TASK STATEMENT:
The required output is the stretch from the line containing "鍋に<スープ>の材料を入れ、" through the line containing "图1 黄河三角洲黑嘴鸥家域范围与典型地物(油井、风机)分布特征" in the records below, unaltered and with no pictures.

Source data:
......

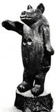 Резьба, роспись. 123 х 64x55. Поступил из ГТГ в 1939 году. Улей в виде медведя вырезан из огромного толстого бревна. Мастер сохранил его форму, поэтому фигура выглядит тяжеловесно, статично, монументально. На груди два летка для пчел. Опущенная лапа словно прикрывает отверстие, из которого вынимали мед. Образ мишки-лакомки передан с юмором.
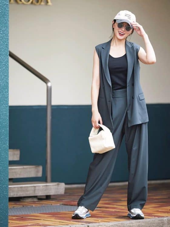 ジレ¥69,000パンツ¥48,400(ともにラヴェイユ/フランドルカスタマーサービス)タンクトップ¥15,400キャップ¥7,700(ともにSEA/エスストア)バッグ¥35,200(バケット バゲージ/アイネックス)スニーカー¥24,200(ニューバランス/ニューバランスジャパンお客様相談室)サングラス¥67,100(アイヴァン 7285/アイヴァン 7285 トウキョウ)ピアス¥29,700(マリハ)
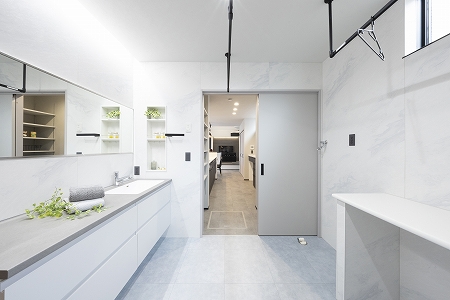 リビングの一角に在宅ワークスペースを設けたことで、仕事をしながら愛犬と一緒に快適な時間を過ごせています。休日はほぼリビングにいます。壁紙をグレーにした際は暗くならないか少し心配でしたが、思った以上に明るく落ち着いた雰囲気でとても気に入っています。ドッグランスペースでの愛犬との毎朝のコミュニケーションが日課になりました。洗濯専用のスペースを設けてもらったことで、家事がしやすく毎日の生活がより快適になりました。
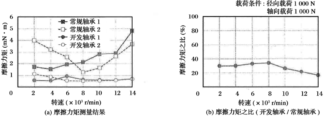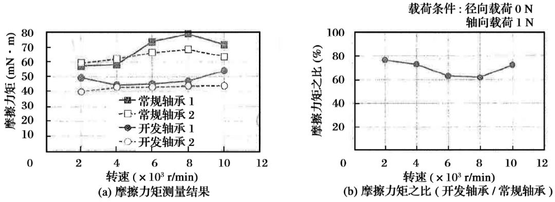 輕載條件下,在軸承摩擦力矩中潤滑脂的攪拌阻力及剪切阻力降低所占的比例大。至于使用新結構保持架,由于大幅降低潤滑脂的攪拌阻力及剪切阻力,軸承摩擦力矩降低效果明顯。
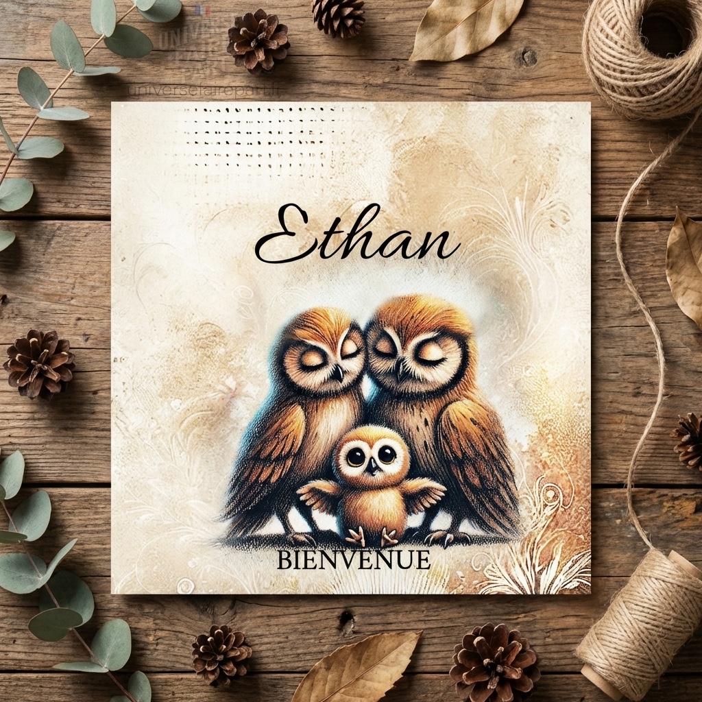 Description : Le rond collant « Bienvenue notre petite Chouette » est orné d’une illustration artistique représentant une famille de chouettes, entourée d’un fond marron et blanc travaillé au fusain. Ce sticker élégant et intemporel est conçu pour apporter une touche finale parfaite à vos faire-part et cartes de félicitations, tout en renforçant le thème de la chouette et de la naissance.
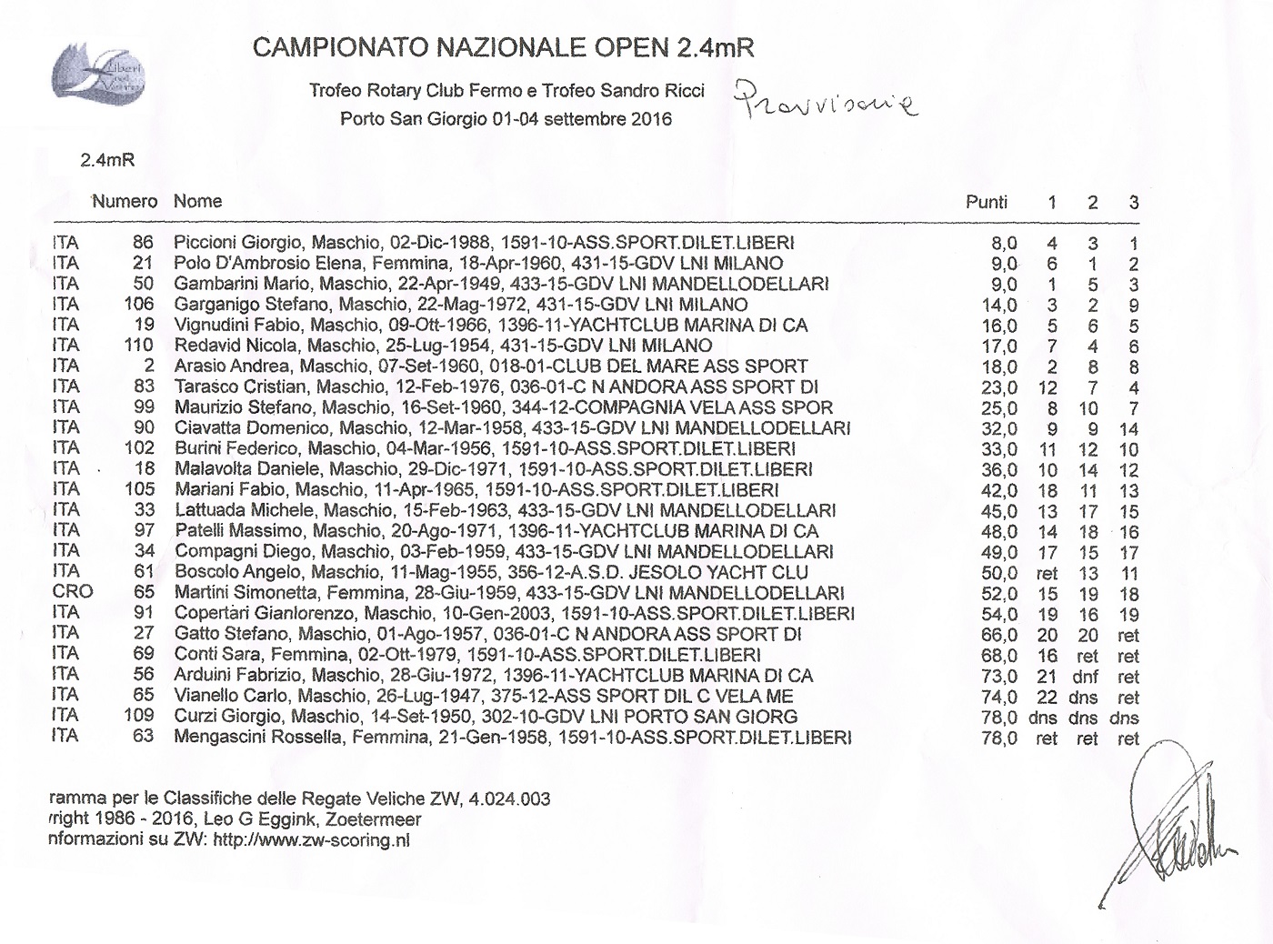 Grande vela nelle acque antistanti il litorale fermano-sangiorgese in occasione dell’edizione 2016 del Campionato Nazionale della Classe Italiana 2.4mr, valida anche come Decima edizione del Trofeo Sandro Ricci – Trofeo Rotary Fermo, organizzato dal circolo velico A.s.d. Liberi nel Vento in collaborazione con la Lega Navale di Porto San Giorgio.
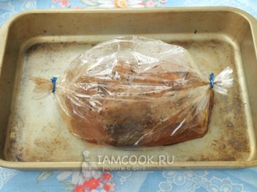 Мясо положить в рукав для запекания и завязать с двух сторон. Сверху сделать 2-3 прокола иголкой для выхода пара.
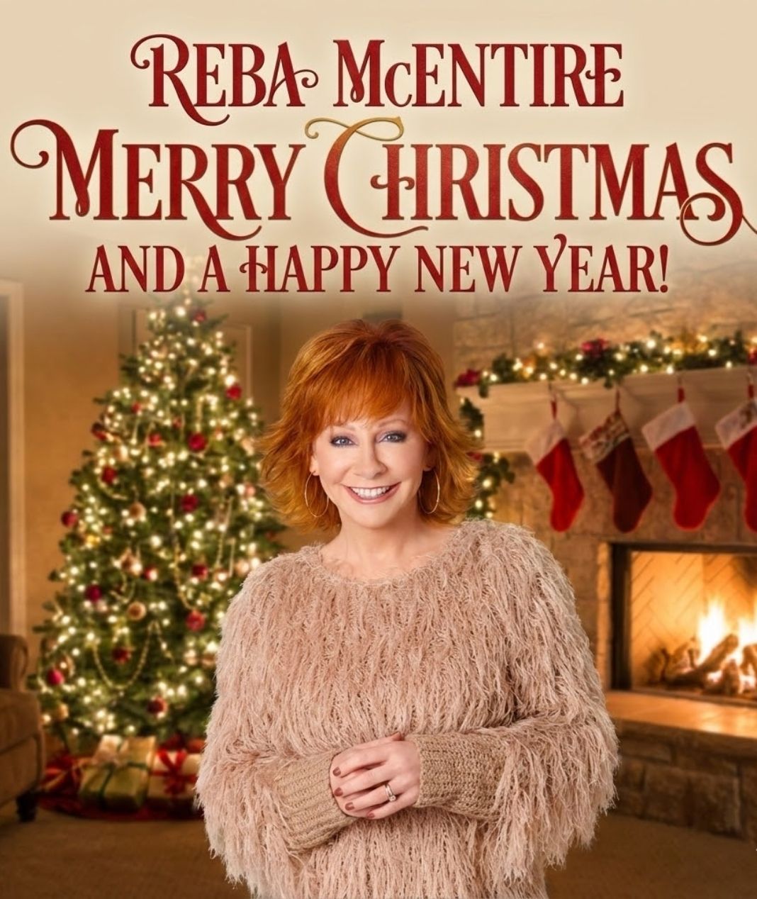 This holiday season, Reba McEntire sends a heartfelt wish to fans everywhere — Merry Christmas and a Happy New Year. It is a message that arrives without fanfare or formality, yet carries tremendous weight because of who it comes from and how it is offered. Reba’s words feel familiar, steady, and deeply sincere, much like her voice itself, which has accompanied generations through joy, hardship, and moments of quiet reflection. Her holiday greeting is not simply a tradition repeated year after year; it is an expression of genuine connection, shaped by a lifetime of understanding what music, faith, and family truly mean.
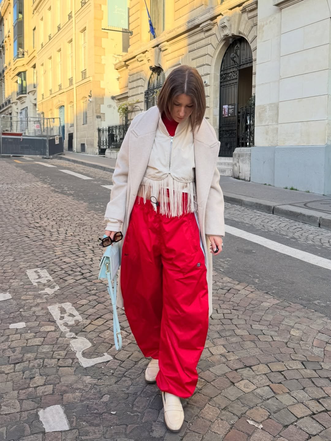 Red track pants on cobblestone streets, paired with a soft ivory coat and fringe detail, create that high-low magic we all chase. The tailored outer layer tempers the sporty base, and those cream loafers make it feel city-ready instead of gym-bound.
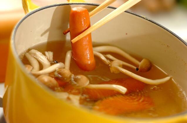 鍋に<スープ>の材料を入れ、煮たたせる。お好みの具を入れ、火が通ったら<つけダレ>をつけていただく。
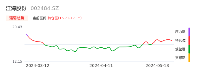 我们来看一下该股的九方特色指标强弱趋势的情况:江海股份自05月06日从观望区上穿到持仓区。股价近期在多头区域回调整理。后续重点关注多空分界点的争夺:15.71元。如未能有效站稳则可能重新回到空头行情。
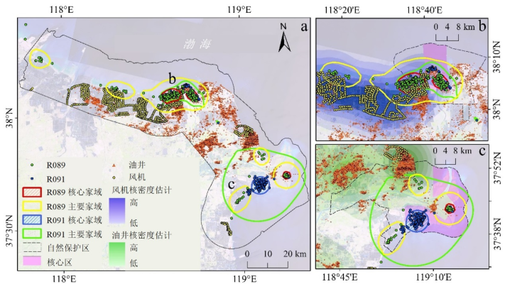 图1 黄河三角洲黑嘴鸥家域范围与典型地物(油井、风机)分布特征
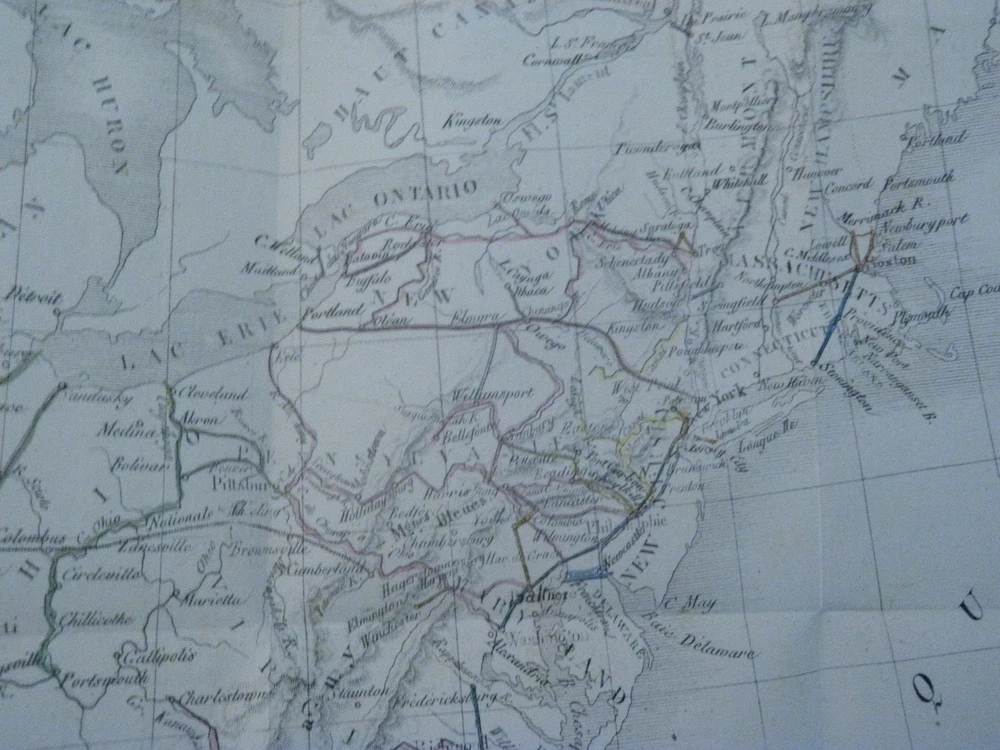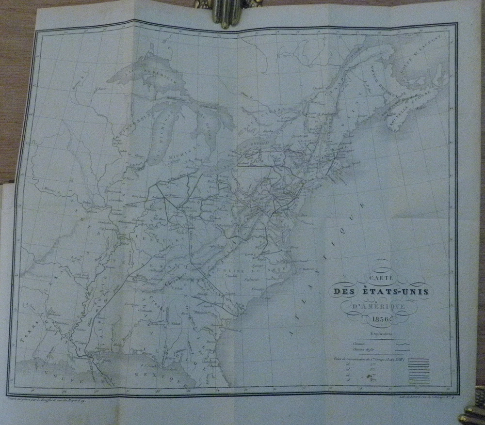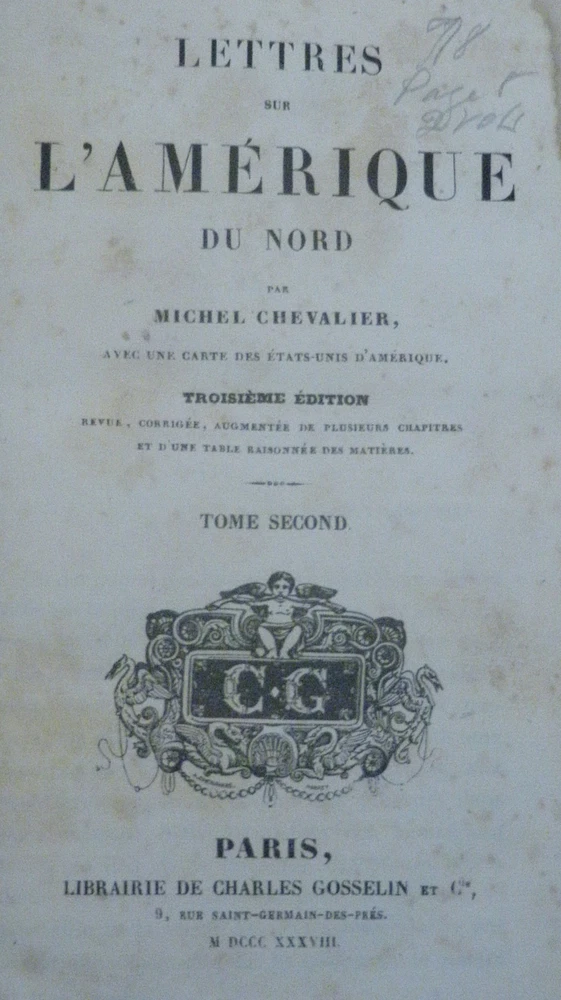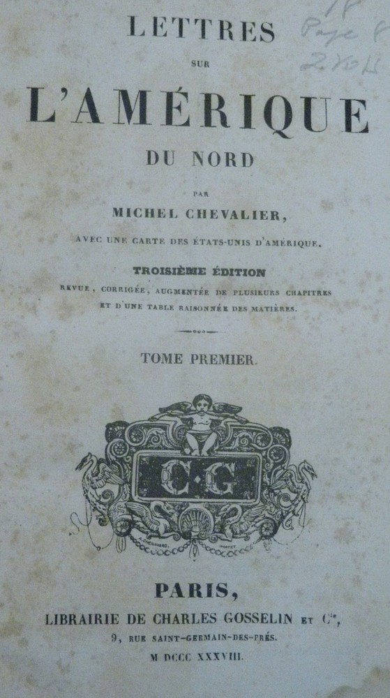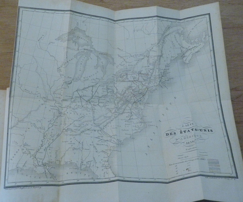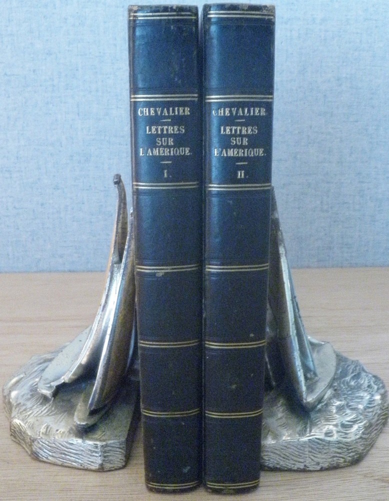 Michel Chevalier LETTRES sur L'Amerique du Nord - 1838 Color USA Folding Map Michel Chevalier LETTRES sur L'Amerique du Nord - 1838 Color USA Folding Map TITLE: Lettres sur l'Amerique du Nord : par Michel Chevalier, avec une carte des Etats-Unis d'Amerique. Troisieme edition revue, corrigee, augmentee de plusieurs chapitres et d'une table raisonnee des matieres. AUTHOR: Michel Chevalier PUBLISHER : C. Gosselin et cie, Paris DATE: 1838 Third Edition DESCRIPTION: 2 v. 22 cm. 2 vol. xvi, 439 p., [1] Folding map, ; 535-[1] p. CONDITION NOTES: VERY GOOD Corners bumped and some rubbing to the marbled boards. Dampstaining with a corner tideline up to page 30, vol.1 only. Scattered spotting elsewhere. Full caps, excellent page and cover attachment. Map is bright and properly folded. BINDING: Period black polished calf over marbled boards. Michel Chevalier (13 January 1806 – 18 November 1879) was a French engineer, statesman, economist and free market liberal. . In 1830, after the July Revolution, he became a Saint-Simonian, and edited their paper Le Globe. The paper was banned in 1832, when the "Simonian sect" was found to be prejudicial to the social order, and Chevalier, as its editor, was sentenced to six months imprisonment. . After his release, Minister of the Interior Adolphe Thiers sent him on a mission to the United States and Mexico, to observe the state of industrial and financial affairs in the Americas. In Mexico he exchanged ideas with the mineralogist and politician Andrés Manuel del Río. It was during this trip that he also developed the idea that the Spanish-speaking and Portuguese-speaking parts of the Americas shared a cultural or racial affinity with all the European peoples with a Romance culture. Chevalier postulated that this part of the Americas were inhabited by people of a "Latin race," which could be a natural ally of "Latin Europe" in its struggle with "Teutonic Europe," "Anglo-Saxon America" and "Slavic Europe."[1] The idea was later taken up by French and Latin American intellectuals and political leaders of the mid and late nineteenth century, who no longer looked to Spain or Portugal as cultural models, but rather to France, and who coined the term "Latin America." The present volume Lettres sur l'Amerique du Nord is the third edition his popular travels. The map is worthy of note as it shows the extent of canals and roads built to facilitate trade throughout the United States of 1830. About the same time as this edition, Des intérèts matériels en France (1837), after which his career took off. At age 35, he was appointed professor of political economy at the Collège de France. He was elected a député for the département of Aveyron in 1845, an appointment of Senator followed in 1860. In 1859, he was elected a foreign member of the Royal Swedish Academy of Sciences. Together with Richard Cobden and John Bright he prepared the free trade agreement of 1860 between the United Kingdom and France, which is still called Cobden-Chevalier Treaty. Listing and template services provided by inkFrog

......

THE COMPLETED TASK:
 鍋に<スープ>の材料を入れ、煮たたせる。お好みの具を入れ、火が通ったら<つけダレ>をつけていただく。
 我们来看一下该股的九方特色指标强弱趋势的情况:江海股份自05月06日从观望区上穿到持仓区。股价近期在多头区域回调整理。后续重点关注多空分界点的争夺:15.71元。如未能有效站稳则可能重新回到空头行情。
 图1 黄河三角洲黑嘴鸥家域范围与典型地物(油井、风机)分布特征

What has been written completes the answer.